Someone said the poet’s role in an age of ecological catastrophe is to grieve. Just the knowledge of the changes the planet is going through produces pain and suffering in the poet and that’s how grieving or pain and suffering makes it into the poem, often in subtle, but sometimes not-so-subtle ways.

GreenManAnother thing that might happen is the poet puts on a mask and becomes a part of earth that is being diminished or even destroyed. The poet can give that “Other” a voice, much like in the Council of All Beings. The poet’s metamorphosis can produce a poem that couldn’t happen in the poet’s normal voice. It’s the difference between poetry and polemic.

In fact I often say that it’s a poet’s responsibility — the warrior poet’s job — to give a voice to the voiceless. Speak up! for nature, by letting nature speak up for itself.

Then there’s the grief part. What we feel in our personal lives, and that requires knowledge, can produce feelings of grief, even strong feelings of grief. These then can appear in the poems we write, either as a walk-on part or center stage. An entire poem may be a ritual of grieving. But, as I said, knowledge is necessary — you have to follow what’s going on (I read a lot) or be able to see it with your own eyes and think about it with your own brain.

So it’s important to process the information that comes to you. So important. Yet hard to do, there’s so much of it. And making sense of it–the processing–isn’t always easy. Being poets, we are language workers. Each of us has developed, or in process of developing, our own unique voice or way of saying things, which is all tangled up with our way of seeing things of course. And then there’s what we see and think about.

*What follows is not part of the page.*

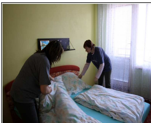
Pomoc osobního asistenta

Péče je založena na individuálním přístupu, je zde uplatňována spolupráce s uživatelem služby, individuální přístup k uživateli služby, podílet se na výběru osobního asistenta spolu s poskytující organizací při samotných výběrech osobního asistenta.

A lot of this flows out of our daily life. If we are lucky enough to have pursued a path in science, we’re half-way there already. But it doesn’t have to be science, it could be farming, or working as a forest ranger, or having any number of passions that involve the outdoors–surfing and rock-climbing, to name a few. Get the body involved, and the head will follow. Then the words will come.

Surfing
BearingWitness

That still leaves the question of where the line is between a nature poem and a warrior poem, since they both deal with nature. On one side of the divide there’s just nature in all its fecundity and beauty, nature as it would be if it was left alone by us. On the other side, there’s the human presence–everything we’ve done to alter the earth. That’s the raw material.

And we, as human beings, as poets, find it necessary at times to protest our own specie’s behavior. That’s when we express our grief, our anger, our outrage in our poetry. Or celebrate it, if for instance we have just joined together to take out a dam or cut a fishing net off a trapped whale.

At the very least we need to bear witness, like the Quakers. Warrior poetry is also a poetry of bearing witness.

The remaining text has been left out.